1. OpenAI text-embedding-ada-002

Average Similarity:
- Duplicate pairs: 0.934
- Non-duplicate pairs: 0.794
Observations:
- The high similarity scores for both duplicate and non-duplicate pairs indicate that ada-002 produces a very compressed similarity range.
- A very high threshold (around 0.85–0.90) is required to start differentiating duplicates, as shown by the jump in accuracy (up to 0.975–0.950) and F1 scores (0.978–0.955) at those thresholds.
- However, this narrow margin makes the model highly sensitive to small changes in input; a slight variation might easily push a non-duplicate over the threshold.
Implication:
- While ada-002 can perform well when the threshold is set very high, its limited separation between duplicates and non-duplicates makes it less robust for the application.

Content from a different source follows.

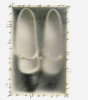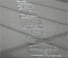 nombres escritos sobre planchas de vidrio, que fueron delineados y cortados

2. OpenAI text-embedding-3-small

Average Similarity:
- Duplicate pairs: 0.757
- Non-duplicate pairs: 0.306
Observations:
- This model provides a robust gap of about 0.451 between duplicates and non-duplicates.
- Evaluation metrics steadily improve with increasing thresholds, reaching high F1 scores (up to 0.978 at a threshold of 0.60) and maintaining good precision and recall over a relatively wide threshold range (from about 0.45 to 0.60).
Implication:
- The 3-small model shows reliable and stable performance across a moderate range of thresholds, which is beneficial in production environments where inputs may vary. Its clear separation suggests it can serve as a robust pre-filter.

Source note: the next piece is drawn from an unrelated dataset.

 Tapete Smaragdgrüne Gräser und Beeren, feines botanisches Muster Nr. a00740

3. SentenceTransformer (all-MiniLM-L6-v2) – MiniLM

Average Similarity:
- Duplicate pairs: 0.698
- Non-duplicate pairs: 0.195
Observations:
- MiniLM yields a strong gap of approximately 0.503 between duplicate and non-duplicate pairs.
- It achieves perfect classification (accuracy, precision, recall, and F1 all equal to 1.000) at a threshold of 0.40.
- However, the performance is highly sensitive-if the threshold shifts even slightly above 0.40, the F1 score drops (e.g., 0.978 at 0.45, then lower at higher thresholds).
Implication:
- Despite its sensitivity to threshold variations, MiniLM’s outstanding performance in controlled testing indicates its high potential for accurate duplicate detection. I later tested this model in comparison with FinLang on some real world data and MiniLM performed a lot better (although it is crucial to note i tested on a very small dataset). Overall I’ll choose MiniLM for now but will continue monitoring performance after deployment to make sure it outperforms FinLang.

4. FinLang (Investopedia-trained model)

Average Similarity:
- Duplicate pairs: 0.783
- Non-duplicate pairs: 0.292
Observations:
- FinLang produces a gap of about 0.491 between duplicate and non-duplicate pairs.
- Its evaluation metrics peak at thresholds between 0.40 and 0.45, with accuracy around 0.95, near-perfect precision (up to 1.000), recall close to 0.957, and F1 scores around 0.958.
- Performance remains stable over this moderate threshold range.
Implication:
- FinLang is specifically tuned on financial data, which is a significant advantage for this use case. It shows excellent performance at a moderate threshold, making it robust and reliable for filtering duplicates in financial texts.

F1vsThresholdCurve Image 3.5: I generated a graph using Matplotlib further illustrating the issue with MiniLM. This isn’t apparent when just looking at the data but in the graph it becomes clear that MiniLM’s performance rapidly declines when shifting the threshold. This is an issue because it shows that by proxy I’m risking a lot of misclassification when I start handling more diversed data. (Also the graph shows, in a very apparent way, how terrible ada-002 is for this use case).

Conclusion

For the duplicate filtering workflow, I’m picking MiniLM over FinLang primarily because FinLang tends to undershoot—often misclassifying valid points as non-duplicates, which negatively affects precision. As a result of the hybrid approach I’ll outline in the next section it’s sensitive to prioritize catching all possible duplicates—even if it means initially flagging some false positives—over the risk of missing valid duplicate points. MiniLM’s ability to robustly flag potential duplicates makes it the preferred model for this application.